* _Prompt_
Nothing outside the stretch is wanted. Repeat exactly the lines of the listing below from the one that contains "L’icona del brand" through the one that contains "濕式氣柜,屬可變?nèi)莘", both ends included.

* _Information shown_
◆ ◆ ◆ ◆

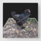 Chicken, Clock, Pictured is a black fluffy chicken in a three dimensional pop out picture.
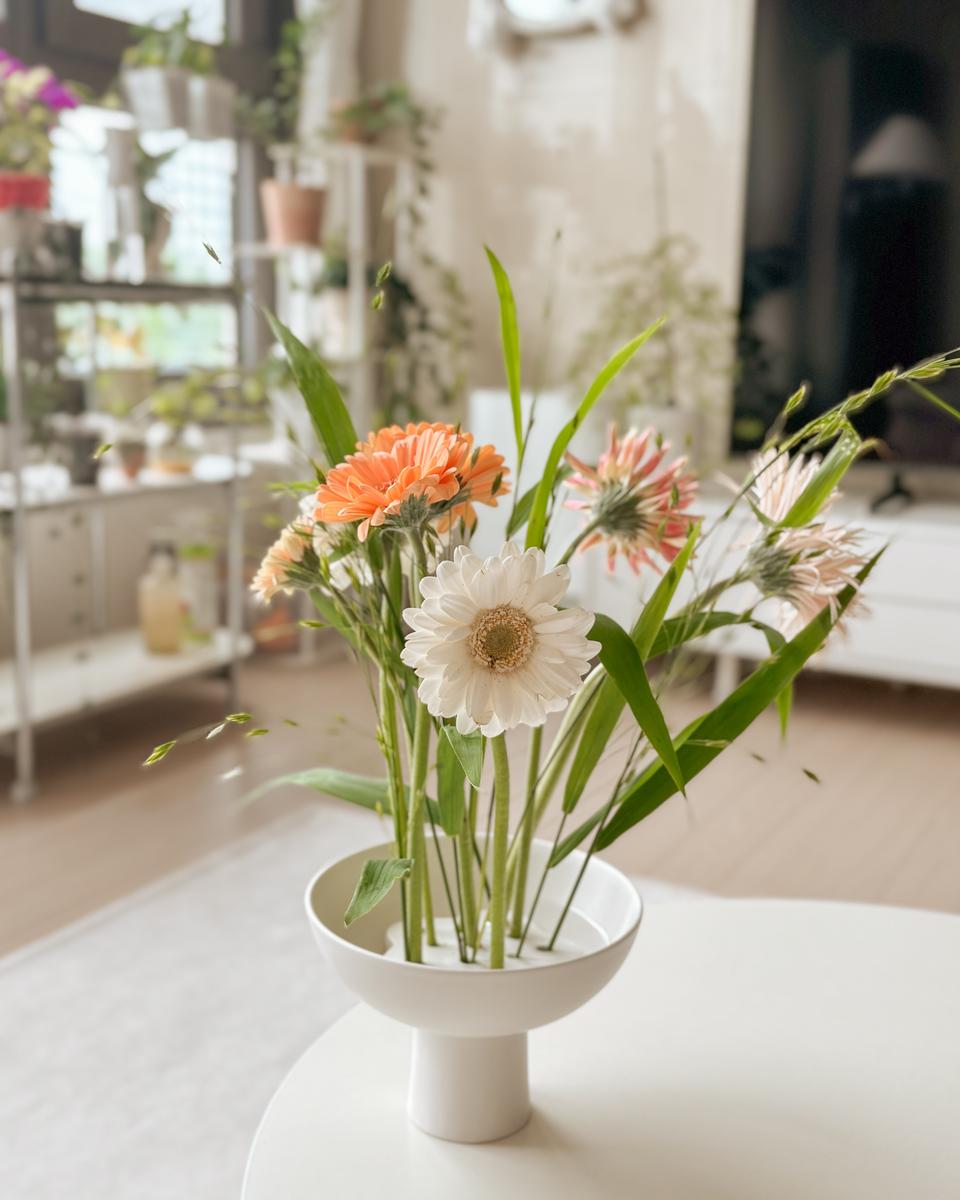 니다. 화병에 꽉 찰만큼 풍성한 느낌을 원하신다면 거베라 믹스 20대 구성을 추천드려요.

◆ ◆ ◆ ◆

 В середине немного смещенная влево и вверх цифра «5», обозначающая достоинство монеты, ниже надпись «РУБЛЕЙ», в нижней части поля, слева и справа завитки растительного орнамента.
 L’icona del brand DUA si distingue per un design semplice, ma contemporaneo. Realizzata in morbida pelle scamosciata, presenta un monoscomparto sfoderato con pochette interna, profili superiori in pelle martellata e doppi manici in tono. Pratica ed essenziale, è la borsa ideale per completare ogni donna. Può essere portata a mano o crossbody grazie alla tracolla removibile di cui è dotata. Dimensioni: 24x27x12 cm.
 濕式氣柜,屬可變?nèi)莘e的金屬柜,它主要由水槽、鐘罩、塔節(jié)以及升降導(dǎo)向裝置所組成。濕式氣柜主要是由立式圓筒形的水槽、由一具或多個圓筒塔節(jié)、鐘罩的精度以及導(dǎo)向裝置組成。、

◆ ◆ ◆ ◆

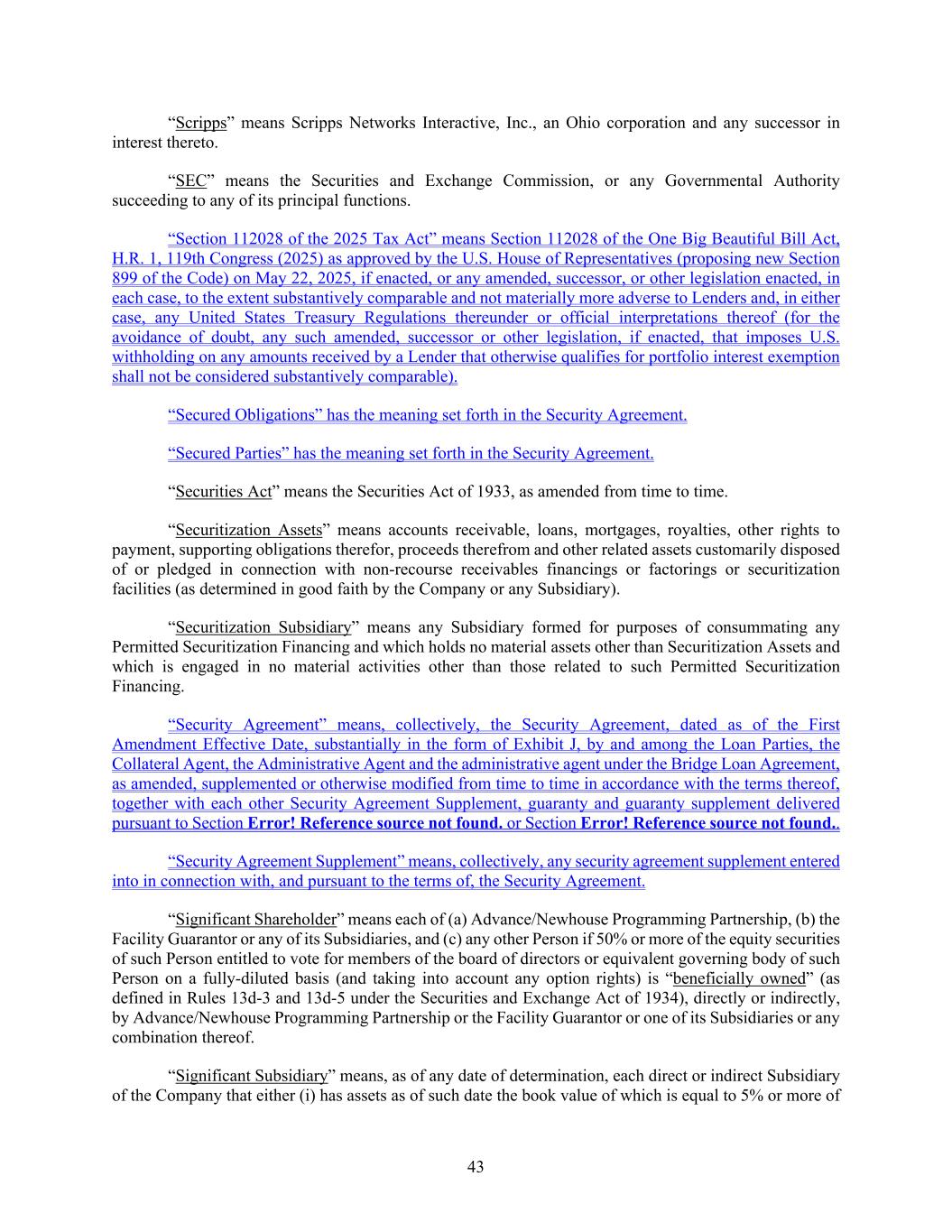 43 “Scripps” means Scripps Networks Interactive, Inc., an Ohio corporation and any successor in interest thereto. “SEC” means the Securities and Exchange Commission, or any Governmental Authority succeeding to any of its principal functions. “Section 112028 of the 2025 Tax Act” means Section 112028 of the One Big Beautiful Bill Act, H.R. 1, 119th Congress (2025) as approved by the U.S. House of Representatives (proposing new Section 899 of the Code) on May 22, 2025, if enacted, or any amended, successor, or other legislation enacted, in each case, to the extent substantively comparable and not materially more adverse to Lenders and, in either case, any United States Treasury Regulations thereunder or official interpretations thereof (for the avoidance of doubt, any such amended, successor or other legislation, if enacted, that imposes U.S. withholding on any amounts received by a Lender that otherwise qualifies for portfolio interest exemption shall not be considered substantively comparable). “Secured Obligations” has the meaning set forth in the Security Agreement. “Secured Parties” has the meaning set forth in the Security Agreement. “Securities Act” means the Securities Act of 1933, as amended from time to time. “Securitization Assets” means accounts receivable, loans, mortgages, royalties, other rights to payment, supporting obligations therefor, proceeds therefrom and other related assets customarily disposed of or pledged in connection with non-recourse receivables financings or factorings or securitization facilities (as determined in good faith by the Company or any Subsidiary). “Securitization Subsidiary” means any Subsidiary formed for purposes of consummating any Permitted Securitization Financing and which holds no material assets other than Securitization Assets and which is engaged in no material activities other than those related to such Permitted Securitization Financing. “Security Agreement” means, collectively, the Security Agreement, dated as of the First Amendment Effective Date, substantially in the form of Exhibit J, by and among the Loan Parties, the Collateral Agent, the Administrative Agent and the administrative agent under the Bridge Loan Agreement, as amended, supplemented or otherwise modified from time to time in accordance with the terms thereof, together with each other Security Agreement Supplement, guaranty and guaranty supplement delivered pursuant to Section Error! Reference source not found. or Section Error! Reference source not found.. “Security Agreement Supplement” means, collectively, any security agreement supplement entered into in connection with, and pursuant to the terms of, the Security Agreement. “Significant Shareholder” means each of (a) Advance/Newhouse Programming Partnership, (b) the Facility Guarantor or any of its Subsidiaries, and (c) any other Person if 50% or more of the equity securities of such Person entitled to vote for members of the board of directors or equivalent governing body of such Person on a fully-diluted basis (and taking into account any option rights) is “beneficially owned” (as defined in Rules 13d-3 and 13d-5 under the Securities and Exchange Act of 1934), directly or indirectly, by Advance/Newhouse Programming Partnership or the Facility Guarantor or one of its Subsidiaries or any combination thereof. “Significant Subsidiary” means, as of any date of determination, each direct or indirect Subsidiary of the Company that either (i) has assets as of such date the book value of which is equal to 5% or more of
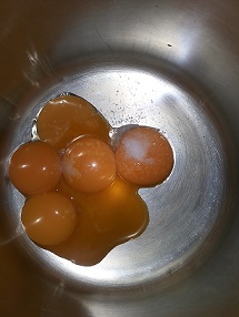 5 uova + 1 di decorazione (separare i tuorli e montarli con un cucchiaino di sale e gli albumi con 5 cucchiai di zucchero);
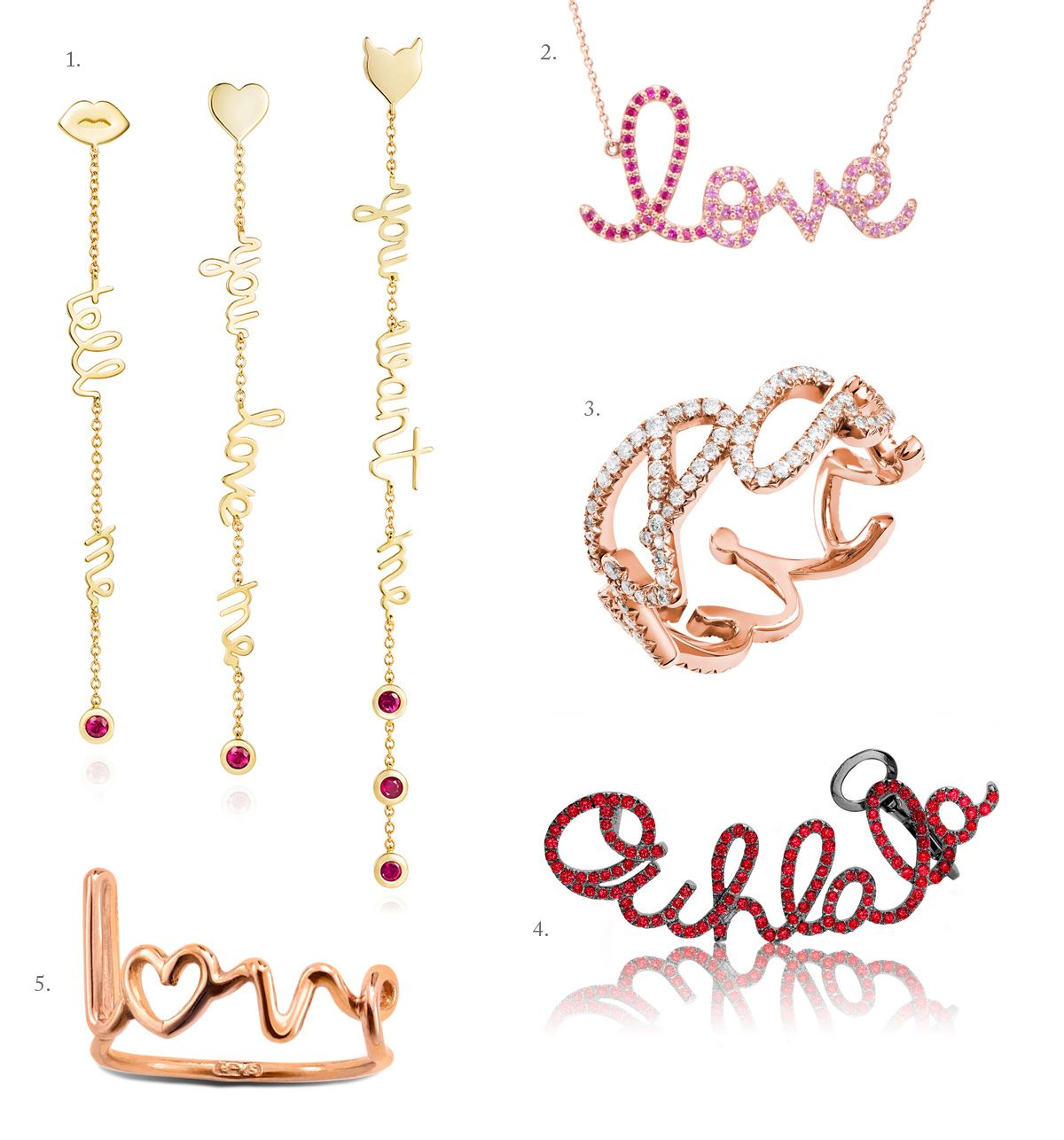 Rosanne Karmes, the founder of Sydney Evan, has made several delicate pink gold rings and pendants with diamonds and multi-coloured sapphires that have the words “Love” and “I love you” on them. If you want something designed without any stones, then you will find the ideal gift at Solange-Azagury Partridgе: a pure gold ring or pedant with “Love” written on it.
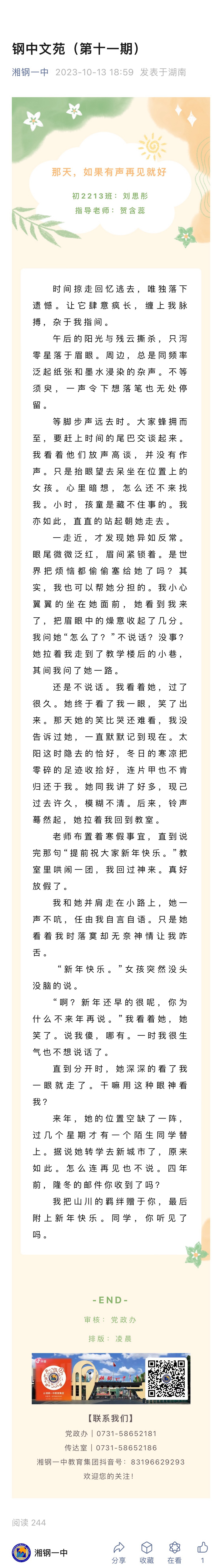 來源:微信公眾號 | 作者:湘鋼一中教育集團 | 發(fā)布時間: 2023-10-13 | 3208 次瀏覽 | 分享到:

◆ ◆ ◆ ◆

* _Exercise output_
 L’icona del brand DUA si distingue per un design semplice, ma contemporaneo. Realizzata in morbida pelle scamosciata, presenta un monoscomparto sfoderato con pochette interna, profili superiori in pelle martellata e doppi manici in tono. Pratica ed essenziale, è la borsa ideale per completare ogni donna. Può essere portata a mano o crossbody grazie alla tracolla removibile di cui è dotata. Dimensioni: 24x27x12 cm.
 濕式氣柜,屬可變?nèi)莘e的金屬柜,它主要由水槽、鐘罩、塔節(jié)以及升降導(dǎo)向裝置所組成。濕式氣柜主要是由立式圓筒形的水槽、由一具或多個圓筒塔節(jié)、鐘罩的精度以及導(dǎo)向裝置組成。、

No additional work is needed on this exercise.